Today Winston Smith and Alasdair Groves share what they are working on. As you read please pray for their writing project and consider supporting a day of ministry. We need $2,400 in donations on any given day to support our work.
Tell us about the writing project you are currently working on together.
Alasdair: Winston and I are co-writing a book on emotions. We counsel and know many people who feel guilty for experiencing negative emotions, such as anger, sadness, or discouragement. They assume their experience of these emotions means they aren’t faithful Christians. We want to help people move away from a stoic view that suggests “if you just try hard enough and have enough faith” then you’ll feel pretty good all the time. This is not the picture that the Bible paints.
Winston: I’ve observed that people are unsure about how to process their emotions. And Christians in particular find it difficult. There is much skepticism about emotions in the Christian world and we tend to be more interested in locating sin in one’s emotions rather than locating what good is there or how they might point us to something valuable. In light of this, I want this book to address how our emotional world is handicapped when we misunderstand what the Christian life is “supposed” to look like. We hope that this book will get into the hands of Christians who struggle with the Christian life and want biblical help. The book will be practical; it will include exercises, tools, and study questions for the reader and/or helper.

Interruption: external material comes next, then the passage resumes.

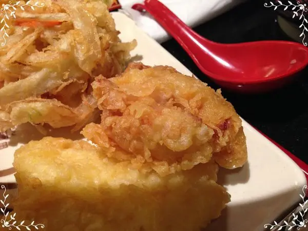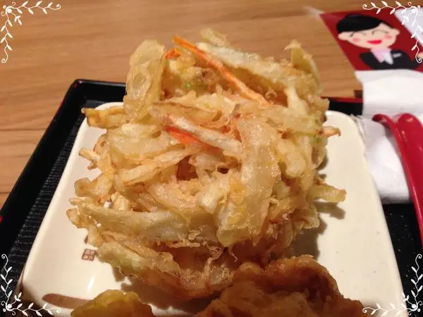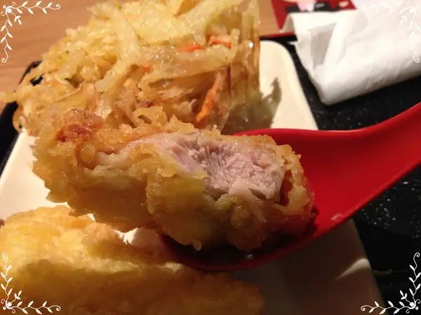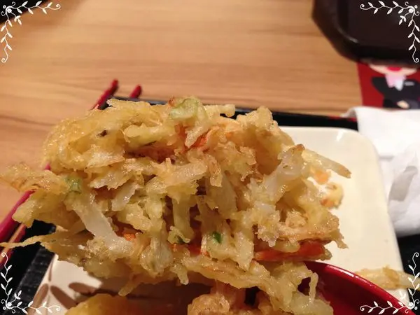 炸什錦$35:看起來有洋蔥、紅蘿蔔、蝦米,有拳頭般的大小,炸得酥脆,吃起來酥酥脆脆很鮮甜,完全不甕沾醬汁就很夠味但是挺油膩的(有點把我嚇到了),放在烏龍湯麵浸泡一下會比較去油,且口感又變得綿綿的,有多種的吃法。

What does Scripture say about emotions?
Alasdair: The Bible reveals that our emotions have to do with our interpretation, evaluation, and core perspective on what’s going on around us. We do this instinctively, not as the fruit of cool and dispassionate reflection. This is part of what it means to be an image bearer! We have emotions about things, because God has feelings about things, and we want to feel things as he does. He tells us to rejoice with those who rejoice and mourn with those who mourn—because that’s what he does. He urges us to have compassion on one another—because he is moved by our plight and suffering. Emotions, throughout the Bible, are like color and music that bring life and depth to the things we see and hear. I have also thought of emotions as a treasure map, revealing what we really love, value, and treasure with exquisite detail.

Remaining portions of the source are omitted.